What does it mean to live a writer’s life? Well, it usually involves a lot of writing. It means other things, too.
Living as a writer means that I see story everywhere. Details pop out of nowhere and demand attention. Themes and tones resonate throughout a bus ride or a trip to a godawful shopping mall.
Being a writer means having a myriad of lenses through which I see the world. It means that there is no single answer or interpretation to a problem or situation. My personal panopticon appears, the multiverse happens here, now.
Writers know that revision is possible. I can take a piece of prose and change it from 1st person to 3rd. I can change the narrator. I can zoom in and out of a consciousness. I can omit details for later surprise or delve into the intricacies of the smallest thing. However, the important thing to note is that the best writing, the best writer, does not do this by a force of will.
That is to say, we know that there is no final judgment. There are truths we find and rely on to push things forward, but those truths are not absolute. When we change something in a story, what follows necessarily changes, too. This does not mean that we can change things at random. We make changes thoughtfully, and with an eye to all of the variables in play. Making a change simply to please a self-centered notion is a recipe for failure.
The best writers know that what they write is not theirs. The characters and stories are gifts from some other source. The writer’s job is deliver those to the page. We are mediums, conduits for truths, falsehoods, and all the things that make this nutty world. We own nothing, we are simple tools that ideas and stories find convenient.

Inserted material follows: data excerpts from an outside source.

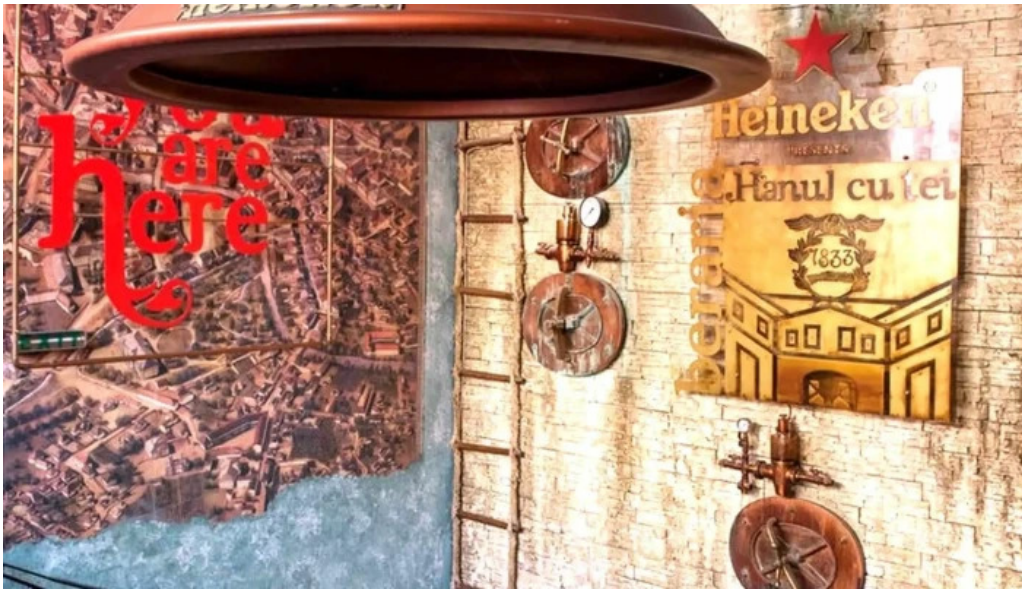
Hanul cu tei catalog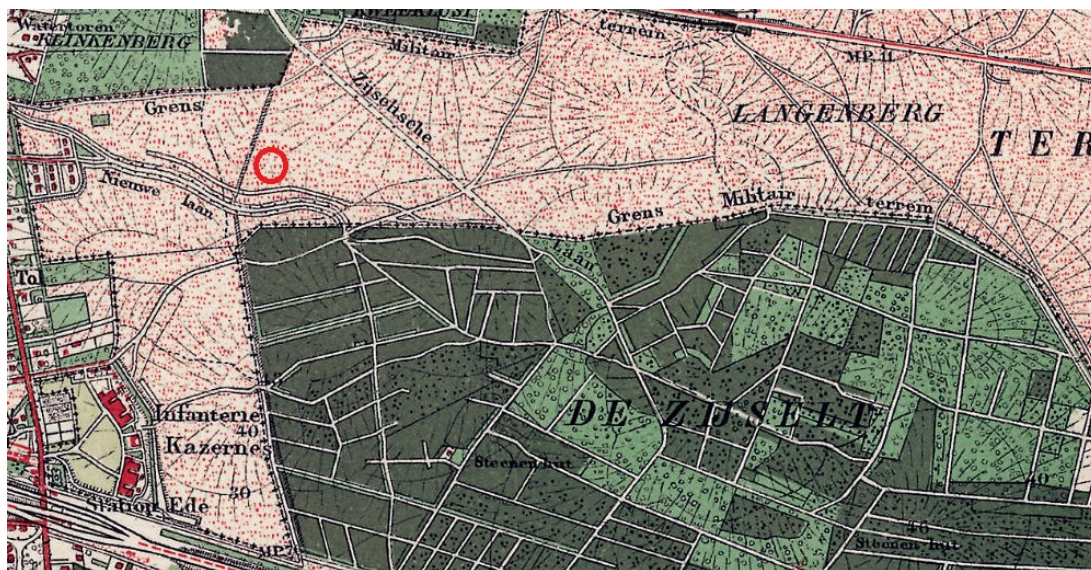
Afbeelding: Situatie plangebied rond 1906, net na de komst van het garnizoen naar Ede en het voltooiën van de eerste bouwcampagne nabij het Station Ede-Wageningen. Duidelijke demarcatie tussen voormalig heidegebied ('Grens Militair Terrein') enerzijds en de overgang naar het bosgebied van De Zijssel anderzijds.

Als gevolg van de oorlogsdreiging vanuit Duitsland aan het eind van de jaren dertig werd de dienstplichtwet gewijzigd, waardoor er op korte termijn behoefte was aan vierentwintig nieuwe kazernes in Nederland. Het garnizoen in Ede breidde haar arsenaal aan kazernes vervolgens uit met de Elias Beeckmankazerne, die in 1939 werd geopend. De nieuwe kazerne maakte onderdeel uit van een omvangrijke bouwopgave van nieuw te bouwen kazernes met als doel het huisvesten van de grote, nieuwe aanwas van dienstplichtigen. Het complex in Ede werd vernoemd naar vaandrig Elias Beekman van het Staatse leger.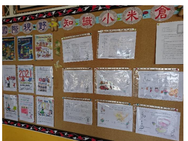
活動名稱：每月閱讀心得優秀作品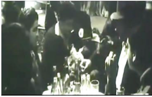
شکل ۴. خشت و آینه (هاشم در کافه)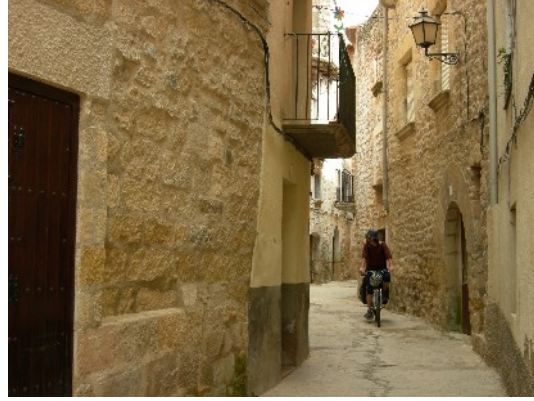
El Matarranya conserva pobles amb molt d'encant. A les fotos Vall-de-roures i Cretes

De Calaceit, per evitar la carretera principal, agafem una pista que ens porti fins al mas d'Algars. Camí a través de conreus i feixes on s'alternen vinya, olivers i ametllers. Tots ells plenament acius. Un paisatge mediterrani ben viu. La pista davalla fins a la llera del riu d'Algars, que està molt crescut. Per creuar-lo haurem de descalçar-nos i passar a peu, hem deixat enrera el Matarranya. Enllacem amb la carretera de Batea que està en obres. Arribem al primer poble del Principat, avui ja portem 90 quilòmetres. Aturada al Casal. Som a la terra del vi, ens demanem una mistela amb efectes regeneradors immediats.

Writers have a responsibility to the stories we’re given. The story is not there to aggrandize us. That is a grave error that too many make. This leads to writers not wanting to promote their work because it somehow is all about them. This is a simple ego-trap that harms their gift – the story.

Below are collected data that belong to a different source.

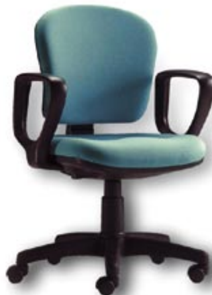
KETY nízká 01-03-10-1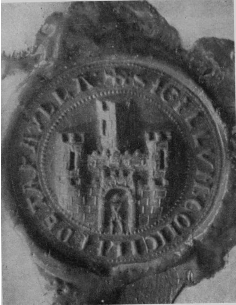
Fig. 3—Sello céreo pendiente de las ordenanzas del Concejo de Tafalla: 1309.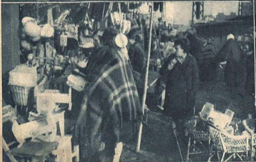
Na lewo: Handel przedświąteczny na Zielonym Rynku.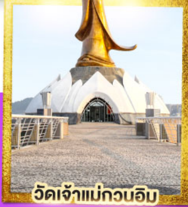
วัดเจ้าแม่กวนอิม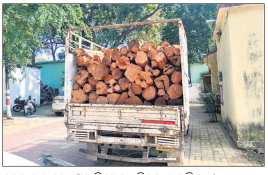
କବଚ କାଠ ବୋଝେଇ ପିକ୍‌ଅପ୍, ଗିରଫ ୨ ଅଭିଯୁକ୍ତ।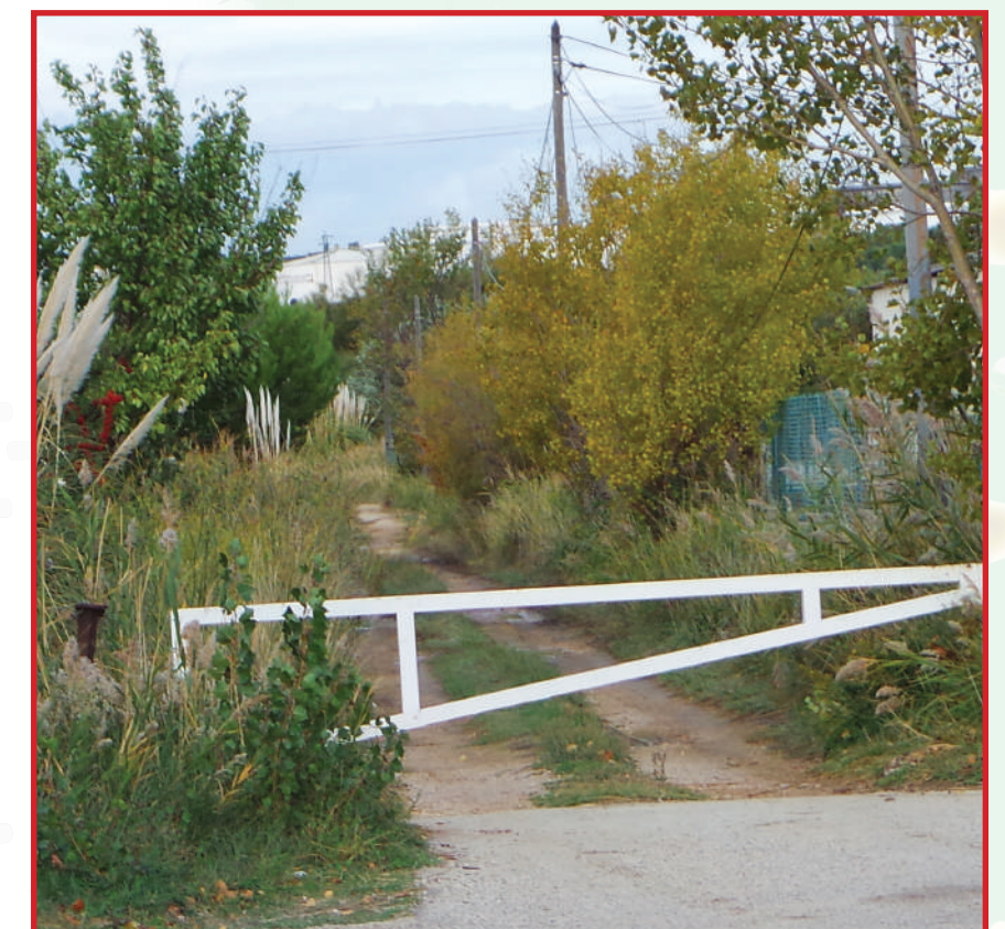
« Une entrée isolée », quel trésor renferme t-elle ?

Après la traversée du cours d'eau, nous arrivons jusqu'à une mare, contraste incroyable, reflétant la fumée noire de l'industrie dans ce poumon vert isolé de tout. Tels des Robinsons, nous explorons et traversons ce mur de végétaux qu'est la roselière et qui nous sépare de l'étang. Après ce périple, l'étang se tient devant nous, isolés, sommes-nous seuls au monde ?

In this world that increasingly relies on text, it seems that everyone thinks they are writers. While I am happy that more people are using text, I fear that they are not using it to its best and highest uses. Writing is a means of exploration. Through writing we can find out what we think, we learn what things are all about. When we only use a few hundred characters, we think that’s all we have to say. That’s often not the case.
I hope this new media sparks an appetite for more reading and writing. I fear it won’t, that people will continue to cheapen their language and degrade themselves for the two-sentence tweet. However, the potential is there.